■ ASSIGNMENT
Reproduce the data below exactly. Skip the pictures.

■ DATA SHOWN
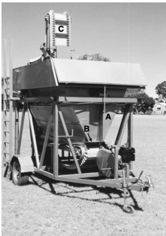
Figure 2. Front view of the weigh bin, showing the ‘V’-bottom bin (A), wind-out sliding door (B), elevator belt folded in transport position (C).

so the peanuts will readily fall to the unloading point at the base of the bin (Fig. 2, A). Unloading of pods can be controlled using a windout sliding door (Fig. 2, B). A 150-mm-diameter chute is also located on the side of the bin so that a subsample can easily be obtained from the load (Fig. 1, C).
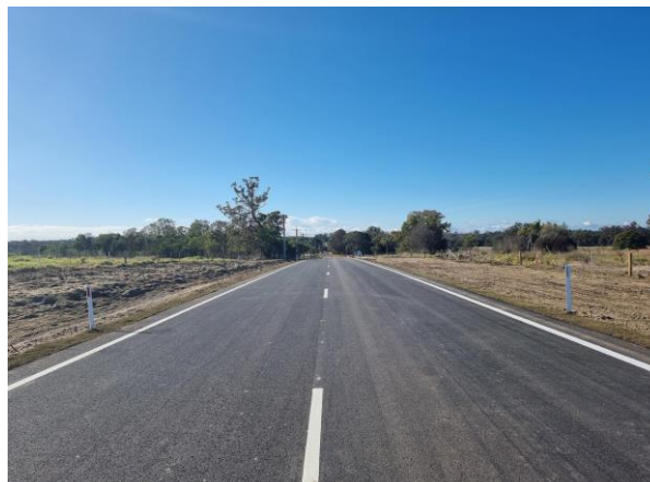
Pitt Street widening and upgrade to cater for heavy construction vehicles.
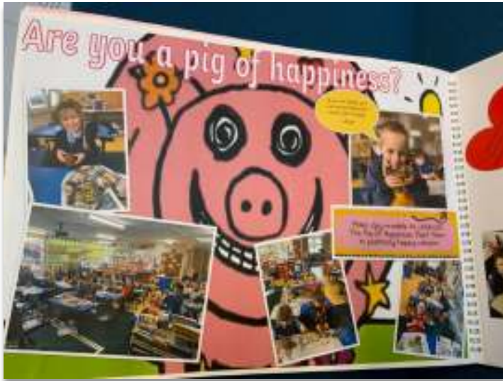
Welcoming. (Whoever you are).

■ TASK OUTPUT
Figure 2. Front view of the weigh bin, showing the ‘V’-bottom bin (A), wind-out sliding door (B), elevator belt folded in transport position (C).

so the peanuts will readily fall to the unloading point at the base of the bin (Fig. 2, A). Unloading of pods can be controlled using a windout sliding door (Fig. 2, B). A 150-mm-diameter chute is also located on the side of the bin so that a subsample can easily be obtained from the load (Fig. 1, C).
Pitt Street widening and upgrade to cater for heavy construction vehicles.
Welcoming. (Whoever you are).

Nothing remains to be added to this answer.